Quick Tip for Families in Intensive Care: My 81-yr-old Husband’s in ICU Ventilated & Tracheostomy, Dialysis, Liver Failure, ICU’s Pushing Palliative Care!
Hi, it’s Patrik Hutzel from intensivecarehotline.com with another quick tip for families in intensive care.
So, today’s tip is another question answered from one of our readers who says, “Hi, Patrik. My 81-year-old husband, John, has osteomyelitis and he developed a sacrum pressure sore complicated by pseudomonas and he now has pneumonia from the ventilator. He has had a tracheostomy in the last few days. He’s on 24-hour hemodialysis. His kidneys are producing zero urine from an acute kidney injury. His liver is faltering causing ascites so PEG tube cannot be placed. He’s barely holding his own, I suppose from the induced coma. His eyeballs do not see me anymore. The ICU team is pushing for palliative care. Can you help me?” Absolutely, can I help you. That is from Ingrid.
So, Ingrid, here’s the thing. First off, if your husband has a tracheostomy, he should not be in an induced coma. One of the purposes of a tracheostomy is to reduce and eliminate sedation and opiates because a tracheostomy is so much easier to tolerate than a breathing tube in the mouth. No patients really need any sedation if they’re having a tracheostomy. So, that’s the first thing.
That brings me right back to what I’ve been saying for the longest that the biggest challenge for families in intensive care is simply that they don’t know what they don’t know. They don’t know what to look for. They don’t know what questions to ask. They don’t know their rights and they don’t know how to manage doctors and nurses in intensive care. That’s exactly what you are dealing with here, Ingrid, that if your husband has a tracheostomy, he does not need any sedation.
Number two, if he’s been in ICU for a couple of weeks, why does he have a tracheostomy? Have they done everything beyond the shadow of a doubt to avoid the tracheostomy, get him off the ventilator and the breathing tube in the first place? Again, the biggest challenge for families in intensive care is simply that they don’t know what they don’t know.

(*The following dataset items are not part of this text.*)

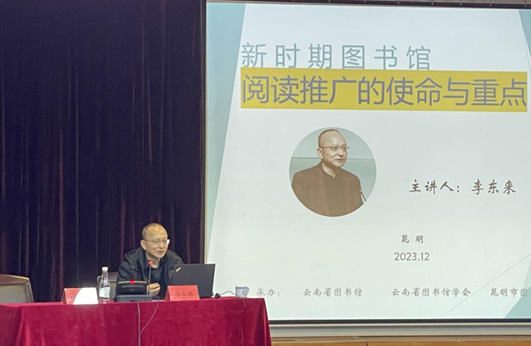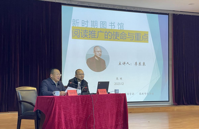 2023年12月22日下午,为推动新时代公共图书馆阅读推广和公共文化服务工作,进一步激发图书馆工作者对传承弘扬中国优良阅读传统与中华优秀传统文化的信心和担当,由云南省图书馆、云南省图书馆学会主办的阅读推广人培养与文化传承发展专题讲座在云南省图书馆成功举办。东莞图书馆原馆长、中国图书馆学会阅读推广委员会主任李东来作为主讲嘉宾,以《新时期图书馆阅读推广的使命与重点》为主题,为听众带来了一场精彩的讲座。云南省图书馆党委书记、馆长杨和祥主持讲座,云南省图书馆领导和干部职工、昆明市图书馆职工代表和部分读者等200余人听讲。
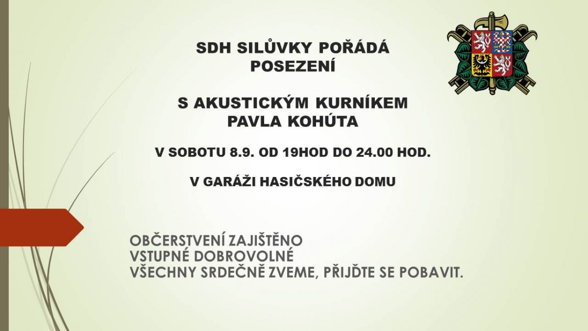 SDH SILŮVKY pořádá v sobotu 8.9.2018 od 19,00-do 24,00hod posezení s Akustickým kurníkem Pavla Kohúta
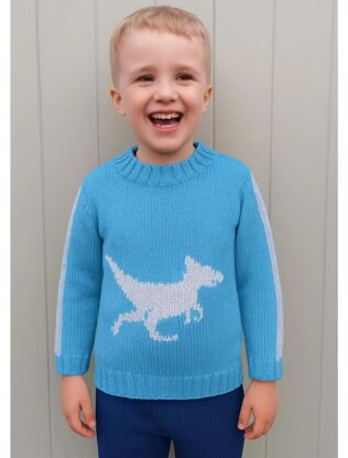 An easy and quick design to knit. The pattern includes colour coded sizes for ages from 4 to 11 years and a large full-page coloured intarsia chart for the Dinosaur.

Next, if he has osteomyelitis and the sacrum pressure sore, that is clearly negligent from the hospital. No patient in the hospital must ever sustain a pressure injury or a pressure sore. That is negligence. If the nurses were doing all the right things by doing regular turns, doing regular washes, skin inspection, get your husband on a soft mattress or on an air mattress, this should have never happened to begin with.
Next, if he’s on hemodialysis for kidney injury, then that’s probably temporarily. Most patients in ICU need the dialysis machine temporarily for septic shock or for any other acute kidney injury, which is what’s happening here. It’s often temporary from my experience.

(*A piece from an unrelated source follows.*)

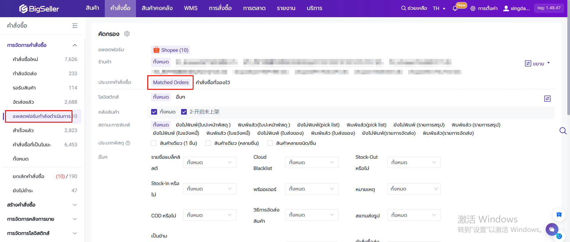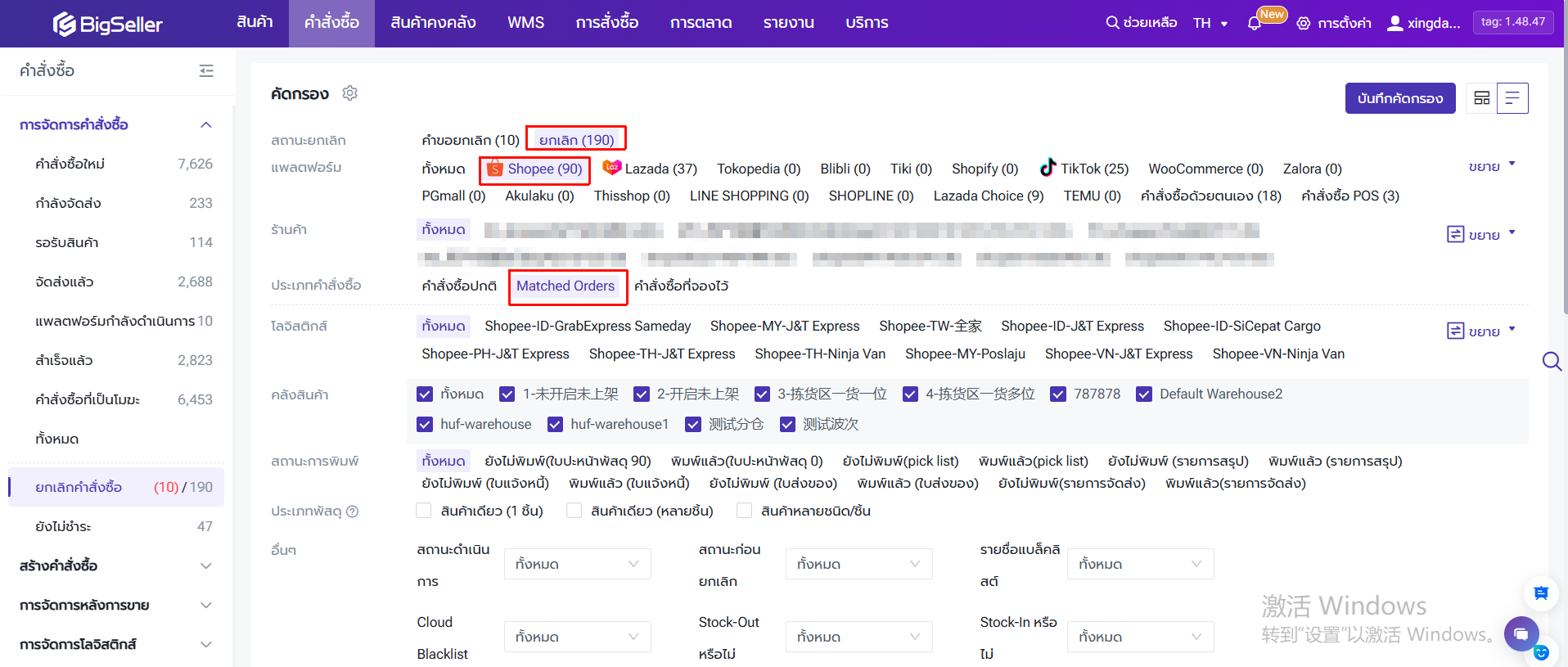 ไปยังเมนู ยกเลิก > Shopee > Matched Orders

If his liver is faltering and it’s causing ascites, have you asked for albumin levels? Very likely your husband’s albumin levels are low. Are they replacing albumin? You also shouldn’t concern yourself about the PEG (Percutaneous Endoscopic Gastrostomy) tube. Your husband doesn’t need a PEG tube. I have made countless videos on why patients in ICU do not need a PEG tube. PEG tube has its time and its place, but often not in ICU directly.
Also, if he has a kidney injury and his liver is not working, have they consulted the specialists? Have they consulted renal specialist? Have they consulted a liver specialist? Or are they trying to manage it all by themselves?
Lastly, don’t concern yourself with ICU wanting to move towards palliative care. It is your decision and your decision only what you want for your husband, assuming your husband can’t speak for himself. So, it is your decision and your decision only. No one can force you towards palliative care. Keep that in mind. Also, try and get your husband out of the induced coma as quickly as possible.
Now, the quickest way forward here is really by talking to me directly, I can talk to the doctors and nurses directly. I will ask all the questions that you haven’t even considered asking but as you can see, must be asked for you to make informed decisions, and get peace of mind, control, power, and influence because I can see you’ve got none of it because you haven’t asked the right questions yet.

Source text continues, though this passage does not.